Digamos, por mero exercício de raciocínio, que tudo o que tem sido assacado, sem provas, contra a blogueira cubana Yoani Sánchez é verdade: é agente da CIA, conspira contra o socialismo em Cuba, é antipatriota, financiada por grupos empresariais etc.
Nada disso justifica a vergonhosa recepção que está tendo. Cercear o direito à palavra a alguém cujo destaque se deve exclusivamente ao uso que dela faz – e a nada mais - é uma truculência inominável, intolerável num regime democrático.

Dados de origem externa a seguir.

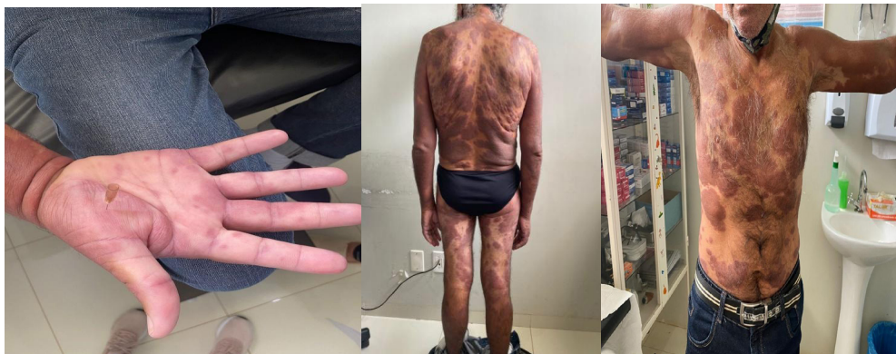
Figura 1, 2 e 3: lesões hansênicas anestésicas

Foi pedido a ACS informar todos os contactantes, a importância de passarem por avaliação também. Esse paciente continuará sendo acompanhado pela nossa equipe em todo seu tratamento. Mas o principal foco desse artigo foi mostrar formas não convencionais de apresentação clínica no diagnóstico, visto que a hanseníase ainda é uma doença muito prevalente em nosso país e muito heterogênea.

Se os adversário de Yoani têm alguma razão para hostilizá-la, a perderam ao tentar silenciá-la mediante métodos bárbaros, piquetes de militantes que remetem às manifestações da juventude nazista. Se ela precisa ser combatida – digamos que precise -, é no campo em que ela atua que isso deve ocorrer.
Afinal, se o seu hipotético delito estaria no que diz (e escreve), é aí que deve ser questionada. A liberação de seu visto para deixar seu país foi apresentada como sinal de que Cuba, no fim das contas, não seria uma ditadura tão intolerável.
Só que a concessão do visto não foi exatamente uma concessão. Estava sendo constrangedor ao regime insistir em negá-lo, graças à projeção que Yoani conquistou internacionalmente.
O governo cubano decidiu então transformar a concessão numa cilada. Articulou-se com o governo brasileiro para que a recepção saísse pela culatra. O meio de que se serviu não poderia ser mais burro. Confirma o que de pior já se disse sobre aquele regime.
É um governo que teme mais a palavra do que a pólvora. O espantoso é que o governo brasileiro, que preside uma democracia, fincada na liberdade de expressão, se associe a tal prática.
A imprensa provou tal parceria, em que o governo brasileiro chegou a enviar emissário a Cuba para inteirar-se da logística da perseguição. Os adversários de Yoani querem responsabilizá-la pelo que não fez, nem defendeu: o embargo econômico dos EUA e a prisão de Guantánamo.
Que tem ela com isso, se nem nascida era quando tais fatos se consumaram? E que força tem para revertê-los se o próprio Obama, que se comprometeu com a causa, não o conseguiu? E ainda: quando foi que fez proselitismo favorável a tais temas?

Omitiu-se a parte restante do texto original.